= Jason Smith (curator) =

Australian art curator and gallery director

Jason Smith is an Australian art curator and gallery director. He has been director of the Art Gallery of South Australia since February 2025, making the move from Geelong Gallery, where he had been director for around eight years.

==Early life and education==
Jason Smith studied a four-year undergraduate degree at the Canberra School of Art (now the ANU School of Art and Design), studying art history and majoring in printmaking and graduating in 1987. Many lessons were held at the recently opened National Gallery of Australia, with educators and curators there, which had an impact on his future career.

He moved to Melbourne in early 1988, starting his career with "a brief stint at an uninspiring private gallery", before completing a postgraduate program in museum studies at Deakin University in 1992. In 1993 he was selected to participate in a project run by 200 Gertrude Street called "Raw Material: Young Curators' Program", which introduced four aspiring curators to making exhibitions in a variety of spaces.

==Career==
Smith applied for a position as Assistant Curator for the NGV Access Gallery, but instead won a role as senior curatorial assistant in the Directorate of the National Gallery of Victoria. In this role he worked with James Mollison and then his successor Timothy Potts, before being appointed Curator, Contemporary Art, in 1997.

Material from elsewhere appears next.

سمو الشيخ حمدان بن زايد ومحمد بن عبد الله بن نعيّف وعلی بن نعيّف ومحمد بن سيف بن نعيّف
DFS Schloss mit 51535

He was appointed director of the Monash Gallery of Art in 2007, his leadership role continuing at Heide Museum of Modern Art, where he was director and CEO from 2008 to 2014.

Smith held the position of curatorial manager of Australian art at Queensland Art Gallery & Gallery of Modern Art (QAGOMA) before moving back to Victoria to become director of Geelong Gallery in 2016.

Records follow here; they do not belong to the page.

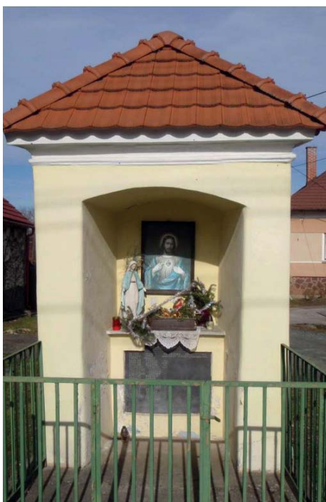
A kápolna a 21. század első évtizedében.
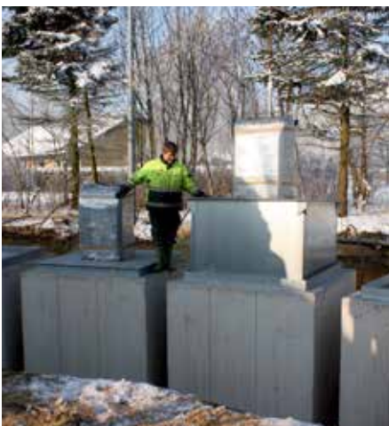
Opstilling i en cirkelbue. Inderbeholder placeres i betoncontaineren.
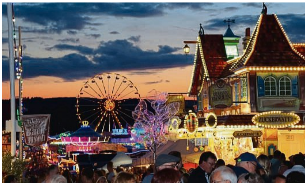
Abendstimmung auf dem Viehmarkt.

Des Weiteren werden Poutou-Esel gezeigt. Während die Kleinen beim Kälberaufzuchtswettbewerb ihr Tier durch den Parcours führen
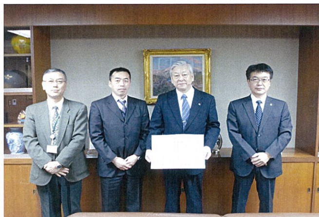
黒田副所長、阿部所長、社長、川島部長
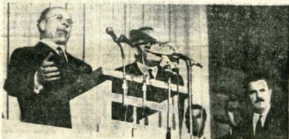
ULBRICHTOV GOVOR PRED GIMNAZIJO — Kljub dežju se je na Trgu revolucije zbralo nekaj tisoč ljudi
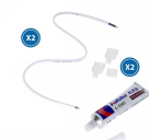
LM2359 Cabo Adaptador Para fita Led 220Vac Ruzok / Brescia
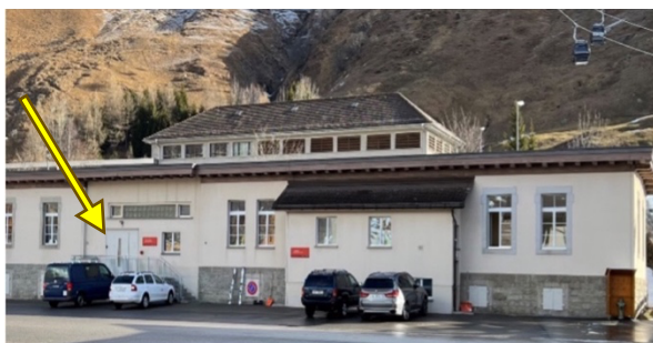
Cucina Macolina mit Parkmöglichkeiten

Die Versammlung findet in den Räumlichkeiten der Cucina Macolina statt. Die Zufahrt erfolgt über die Schranke, welche von uns per Knopfdruck geöffnet wird. Eine detaillierte Wegbeschreibung finden Sie auf unserer Website ( www.waldundklima.ch/gv26 )

In February 2025 he began his term as director of the Art Gallery of South Australia (AGSA). As of September 2026 Smith remains director of AGSA.

==Other activities and roles==
Smith became a member of the board of the Public Galleries Association of Victoria in 2020 and its president in July 2024.

He has been a judge of several art prizes, including the Wyndham Art Prize and Geelong Acquisitive Print and Ursula Hoff Institute Awards in 2023. He was chief judge in the 2025 Brisbane Portrait Prize in March 2025.

He has written extensively on works by over 150 artists for a variety of publications.

==Recognition and awards==
Under his direction, Geelong Gallery won awards in Business Excellence for Corporate Social Responsibility and Inclusive and Accessible Business, and Cultural Tourism awards at state and national levels.